The fire of Jerdehl burns.

jerdehl.c

@@ -32,8 +32,8 @@ typedef struct noise_oscillator
 
 double generate_noise(noise_osc_t *n)
 {
-  // A simple pseudo-random noise generator
-    n->seed = (n->seed * 1103515245 + 12345) & 0x7fffffff;
+    // A simple pseudo-random noise generator
+    n->seed = (n->seed * 1235515245 + 12345) & 0x7ffaffff;
     return (double)n->seed / 0x40000000 - 1.0; // Normalize to range -1.0 to 1.0
 }
 
@@ -42,36 +42,33 @@ void init_noise_osc(noise_osc_t *n, uint32_t seed)
     n->seed = seed;
 }
 
-
 double update_crackle(noise_osc_t *n)
 {
     // Generate the base noise
     double noise = generate_noise(n);
     // Apply random volume modulation to simulate the crackling effect
-    double volume = 0 + ((double)rand() / RAND_MAX) * 0.5; // Random volume between 0.2 and 1.0
+    double volume = 0 + ((double)rand() / RAND_MAX) * 0.2; // Random volume between 0.2 and 1.0
     // Occasionally spike the volume to simulate louder crackles
-    if ((rand() % 100) < 40) // 10% chance for a louder crackle
+    if ((rand() % 100) < 20) // 20% chance for a louder crackle
     {
-        volume += 0.5; // Increase volume for a louder crackle
+        volume += 15.0; // Increase volume for a louder crackle
     }
     // Clamp the volume to avoid clipping
-    volume = (volume > 1.0) ? 1.0 : volume;
+    // volume = (volume > 1.0) ? 1.0 : volume;
     // Apply the volume to the noise
     noise *= volume;
     // Clamp the noise to avoid clipping
     return noise;
 }
 
-
-
 float chordFrequencies[CHORD_TYPES][CHORD_NOTES] = {
-    {65.41, 77.78, 98.00},  // Cm (C, Eb, G)
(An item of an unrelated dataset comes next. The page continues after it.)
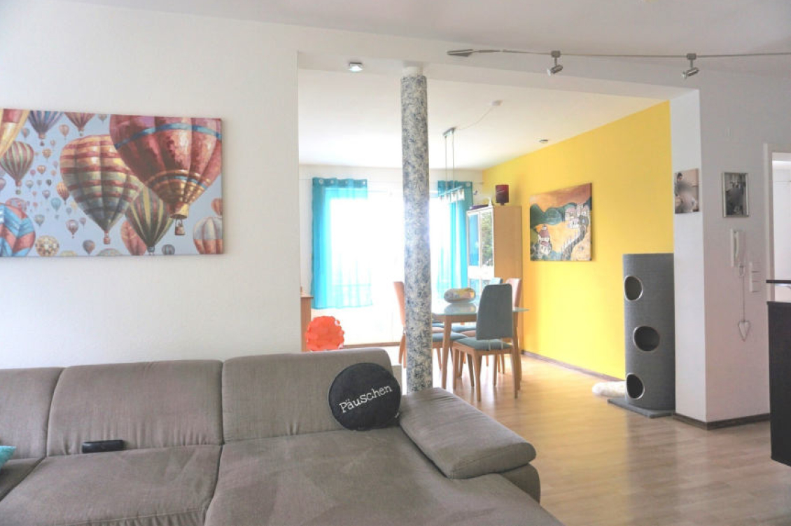 Die attraktive 3,5 – Zimmer Wohnung in ruhiger Ortsrandlage von Waldbronn ist äußerst funktionell geschnitten. Sie betreten die betreten Die Wohnung und gelangen über eine kleine Diele in den großzügigen offen gestalteten Wohn- und Essbereich. Links neben dem Eingang befindet sich die Gästetoilette, daneben verfügt die Wohnung auch über ein geräumiges Badezimmer mit Dusche und Badewanne. Der Essbereich ist mit der halboffenen Küche verbunden und bietet Zutritt zur schönen Terrasse mit Blick ins Grüne. Im hinteren Bereich befinden sich zwei ungefähr gleich groß geschnittene Zimmer, die sich wunderbar als Schlaf- bzw. Kinder oder Arbeitszimmer anbieten.

-    {73.42, 87.31, 97.99},  // Ddim (D, F, Ab)
-    {82.41, 97.99, 123.47}, // Eb (Eb, G, Bb)
-    {87.31, 103.83, 130.81},// Fm (F, Ab, C)
-    {97.99, 116.54, 146.83},// Gm (G, Bb, D)
-    {103.83, 123.47, 155.56},// Ab (Ab, C, Eb)
-    {116.54, 130.81, 155.56},// Bb (Bb, D, F)
+    {65.41, 77.78, 98.00},    // Cm (C, Eb, G)
+    {73.42, 87.31, 97.99},    // Ddim (D, F, Ab)
+    {82.41, 97.99, 123.47},   // Eb (Eb, G, Bb)
+    {87.31, 103.83, 130.81},  // Fm (F, Ab, C)
+    {97.99, 116.54, 146.83},  // Gm (G, Bb, D)
+    {103.83, 123.47, 155.56}, // Ab (Ab, C, Eb)
+    {116.54, 130.81, 155.56}, // Bb (Bb, D, F)
 };
 float higherChordFrequencies[CHORD_TYPES][CHORD_NOTES] = {
     {130.81, 155.56, 196.00}, // Cm (C4, Eb4, G4)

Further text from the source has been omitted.